Hier mein Ausgangsmaterial, etwas kleingeschnitten:



Der gelbgrüne Strang wurde im 1. Zug gefärbt, die Färbung im 2. Zug habe ich mit Eisenwasser nuanciert. Dieser ist fast grau, da ich vermutlich etwas zu viel Eisenwasser genommen habe, aber ich finde die Farbe in Kombination mit dem gelbrünen Strang ganz toll. Leider gibt das Foto die Farben nicht richtig gut wieder.



Dienstag, 11. September 2012

Dienstag, 4. September 2012

Schilfblüten (Phragmites australis)

habe ich schon letztes Jahr Ende Juli gesammelt und getrocknet. Die Sockenwolle wurde kaltgebeizt und dann gefärbt.



Der mittlere Strang wurde im 1. Zug gefärbt (stimmt nicht ganz, erst habe ich ein kleines Stück Seide gefärbt), der helle im 2. und der ganz dunkle im 3. und dann mit Eisenwasser nuanciert.

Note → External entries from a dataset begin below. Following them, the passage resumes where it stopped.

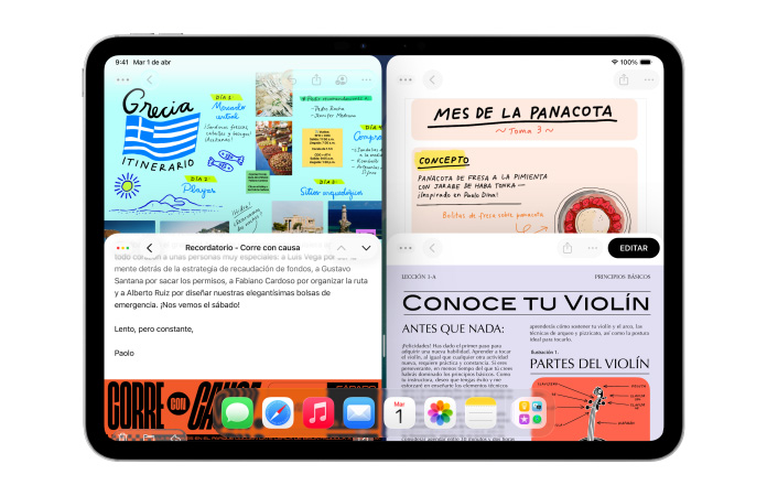 Ordena tus ventanas moviéndolas hacia el borde izquierdo o derecho. Además, ahora también puedes dividir la pantalla del iPad en tercios o cuartos.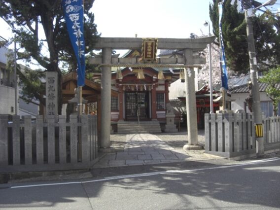1698年九条村の池山新兵衛が420両を納めて開拓し、佃・大和田の対岸より西にあるところから西島と名付けられた。開発のおり、この地の守護神として住吉四柱大神を観請した。この辺りはかつては美しい川辺で遊んだり、村の人たちの畑仕事や洗濯をしたり、のぞかな田園風景がみられた反面。水禍をまともに受ける土地でもあり村人達から崇拝が高かった。しかし今ではそのような情景は想像することもできない風景である。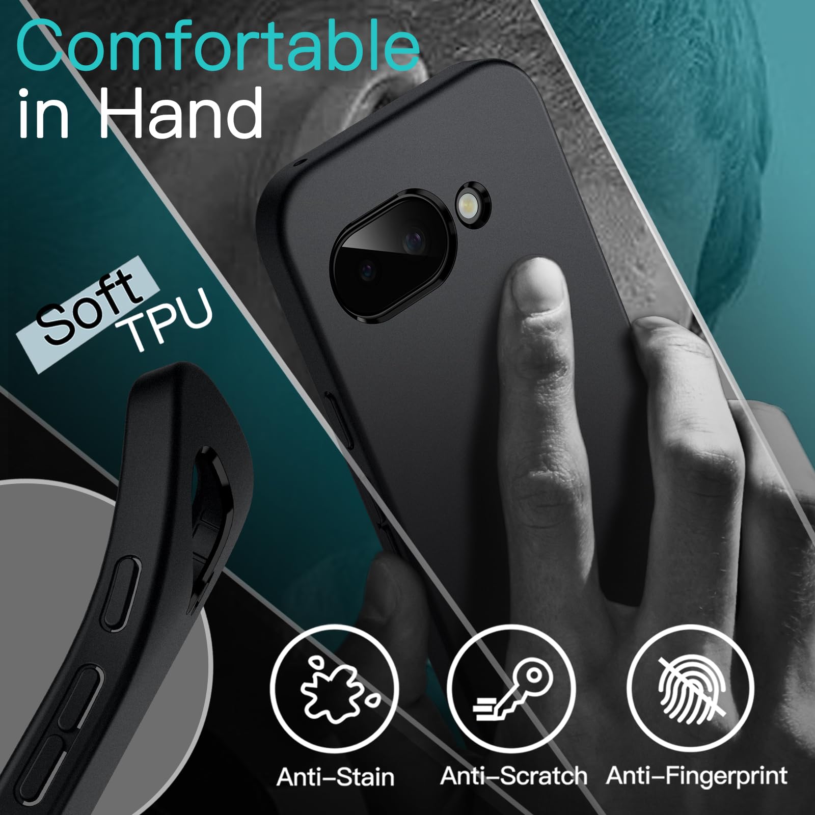 I received my new Pixel 9a recently and fitted this JETech case to protect it. The new Pixel is a little thicker because of the increased battery size. so I wanted a slim case to minimize the thickness. This case does a good job keeping the phone comfortable to hold. The TPU material feels good in the hand. The back is perfectly flat with enough material to protect the very slight bump out from the camera. The cutouts align perfectly. The screen is protected by a protruding edge. so when laying the phone on it is face. the screen is not touching the table surface..It is a great price for a simple phone case that feels great in hand.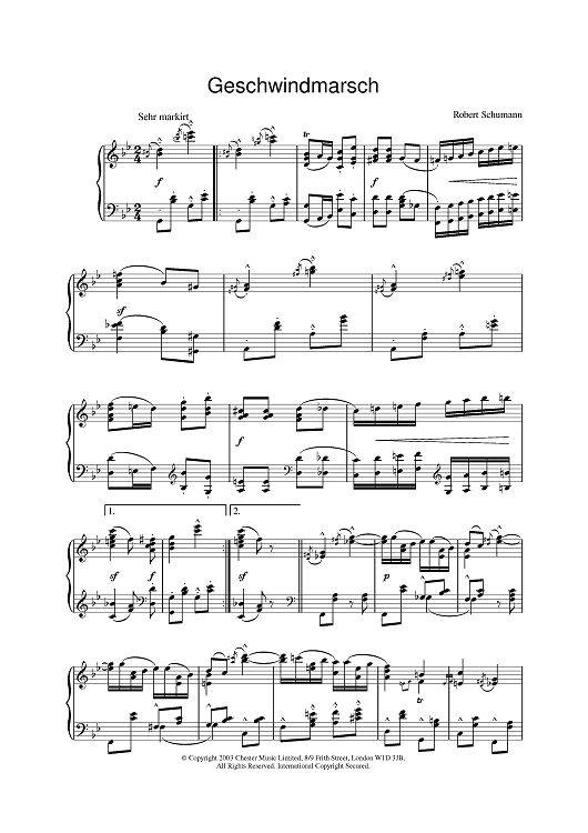 Digital Sheet Music for Geschwindmarsch by Robert Schumann scored for Piano; id:378903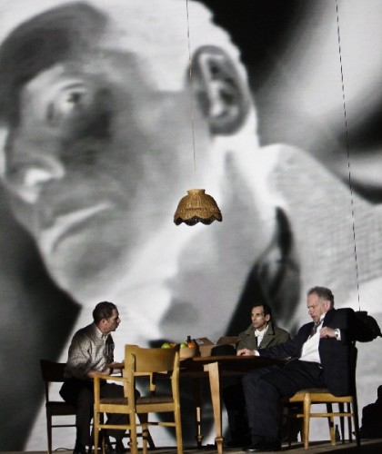 Projected video images of the actors in various scenes were sprinkled throughout the show. It was unclear whether the projections were Big Brother or we are Big Brother. Large images suggested importance, yet seemingly lesser pieces of the narrative were projected large. Though visually interesting, there was a disconnect here between the technology and the narrative.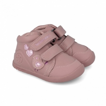 Biomecanics so kakovostni otroški čevlji, zasnovani z mislijo na zdravo rast in naravno gibanje stopala. Usnjen zgornji del v roza barvi s simpatičnim potiskom za igriv videz. Za enostavno obuvanje in popolno prileganje poskrbita dva ježka, ki ju otrok lahko upravlja tudi sam. Odstranljiv vložek je zasnovan tako, da učinkovito odvaja vlago in preprečuje neprijetne vonjave, zato so stopala vedno suha in udobna. Fleksibilen podplat podpira pravilen razvoj stopala, hkrati pa zagotavlja stabilnost in udobje pri vsakodnevnih dejavnostih.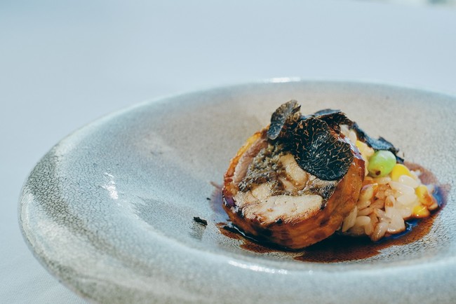 五島地鶏しまさざなみのガランティーヌ 幾久山米と玉蜀黍のリゾット トリュフソース

Bei dem helleren Stoff handelt es ich um Etamine de laine, bei dem kräftig grünen um Seidenchiffon. Eigentlich hatte ich gehofft, dass die Wolle auch so schön kräftig grün wird wie die Seide. Ob es daran liegt, dass ich erst die Seide gefärbt habe?




Dienstag, 28. August 2012

nochmal Ampfer, diesmal das Kraut

habe ich für die nächste Färbung genommen.

Der gelbgrüne Strang wurde im 1. Zug gefärbt, der grüne im 2. Zug und dann mit Eisenwasser nuanciert.



Insgesamt bin ich mit dem Ergebnis sehr zufrieden und werde die Färbung sicher wiederholen.


Samstag, 25. August 2012

Ampfersamen

vom Stumpfblättrigen Ampfer (Rumex obtusifolius), vermute ich, habe ich für meine nächste Färbung gesammelt.




350 g für 100 g Sockenwolle haben ein schönes tiefes Goldgelb ergeben. Wie immer wurde die Wolle kalt gebeizt.


Donnerstag, 23. August 2012

Rainfarn (Tanacetum vulgare)

habe ich vor einigen Wochen gesammelt und getrocknet. Er war zu diesem Zeitpunkt noch nicht richtig aufgeblüht.

Hier die Ergebnisse:



Der obere Strang wurde um 1. Zug gefärbt und dann mit Eisenwasser nachbehandelt. Der untere wurde im 2. Zug mit einem neuen Färbebeutel gefärbt.

Mit dem Ergebnis bin ich sehr zufrieden, und die Wolle duftet!


Mittwoch, 22. August 2012

Rindenfärbung mit Silberlinde (Tilia tomentosa)

Hier das Ergebnis der Rindenfärbung mit Silberlinde auf Sockewolle. In meiner Nachbarschaft hat die Stadt einige dieser Bäume gefällt, und ich hab schnell ein paar Äste mit nach Hause genommen, bevor am nächsten Tag alles gehäckselt wurde.


Der obere Strang wurde ohne Beizen gefärbt, den unteren habe ich über Nacht in Kaltbeize gelegt.

Zusammen gefallen mit die beiden Farbtöne nicht, aber in Kombination mit einer anderen Farbe mag ich sie.


Dienstag, 21. August 2012

über ein Kilo Wolle

der Rasse Lovenaar wartet kardiert in einer Kiste um gesponnen zu werden. Hab mir ja vorgenommen jeden Tag 100 g zu spinnen, aber das schaffe ich gerade nicht. Dazu ist es immer noch viel zu warm. Und mein Moswolt ist ja auch nicht gerade der Porsche unter den Spinnrädern.


Montag, 20. August 2012

Weinblätter im 2. Zug

mit Eisenwasser nuanciert haben bei meiner Weinblattfärbung ein schönes Olivgrün, beinahe Grau, ergeben. Die Färbung ist leider etwas ungleichmässig.



Sonntag, 19. August 2012

Weinblätter (Vitis vinifera)

aus dem Garten habe ich für meine erste Pflanzenfärbung auf 100 g Sockenwolle genommen.

das Ausgangsmaterial


Das Ergebnis ist ein schönes gelbgrün, wie immer in Wirklichkeit schöner als auf dem Foto




und gefüllt sind sie ein tolles Essen bei diesen hochsommerlichen Temperaturen über 30°

Samstag, 18. August 2012

diese handgefilzte Tasche

ist momentan meine Lieblingstasche.

Sie ist aus Bergschafwolle gefilzt. Leider haart der Filz etwas, vielleicht bessert sich das ja noch.